Saturday, May 8, 2010

How is Liquidity Measured?

This is the third part of my miniseries on liquidity.  Start with What is Liquidity? and What Determines Liquidity?.

As I discussed in those posts, how much the price of a good moves when people buy and sell it is one way to measure the liquidity of that good in the market.  This can be observed in a formal art auction easily, but can also be observed in other markets, like the example of gasoline.

The stock market has liquidity measures that are easy to observe.  The stock market is an ongoing auction with many buyers and many sellers.  Each stock is very fungible (one share of Apple's stock is the same as another), so that prerequisite for liquidity is achieved.  Some companies have more shares of stock in the market available for trade, which increases the potential liquidity.  This is why you might hear people talk about how one company's stock is more liquid than another.  For example, consider Dell (with 1.96 billion shares) and Super Micro Computer (with 35.9 million shares).  Dell's stock is potentially more liquid than Super Micro Computer's stock.  Note: this is different than a business' internal liquidity, which is related to how much cash they have on hand, a topic for a different post.

If you wanted to put the effort in, you could watch each trade for a stock as they happened and measure how much the price changed.  There is an easier way for many stocks:

Look at this detailed quote of Google on Yahoo Finance.  Check out the numbers for the Bid and the Ask.  The Bid is the highest latest price someone has offered to buy the stock, and the Ask is the lowest latest price someone has offered to sell the stock.  The difference between these two numbers is a measure of liquidity.  The closer these two numbers are, the more liquid the stock.  You can imagine, that if these two numbers were always the same, people would buy and sell the stock freely and the price would never change.  That is the definition of perfect liquidity.
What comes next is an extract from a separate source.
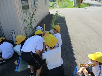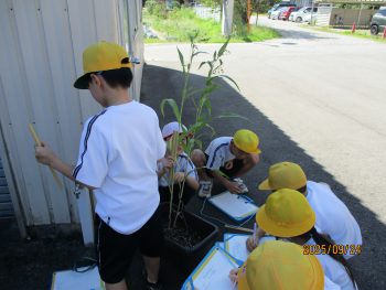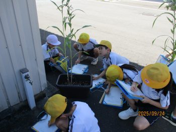 総合的な学習の時間で育てているハトムギを観察しました。30cmものさしを使い、高さをはかると115cm以上ありました。また実もつき始めていて、「これからどうなるのかな」と今後の成長も楽しみにしている子供たちでした。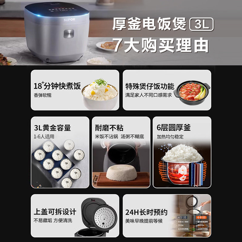 政府补贴苏泊尔电饭煲家用3L升智能电饭锅多功能小型煮饭锅不粘饭

What actually happens, though, is a buyer decides that the seller's Ask is good enough (or vice versa), and a trade is made.  The latest price for the stock is set to that trade's price, and the next lowest seller's offer becomes the new Ask.  The farther apart the Bid and Ask are, two things happen: it is less likely for someone to decide that an offer is good enough to make a trade, and when that trade does happen the price moves more.  In other words, lower liquidity.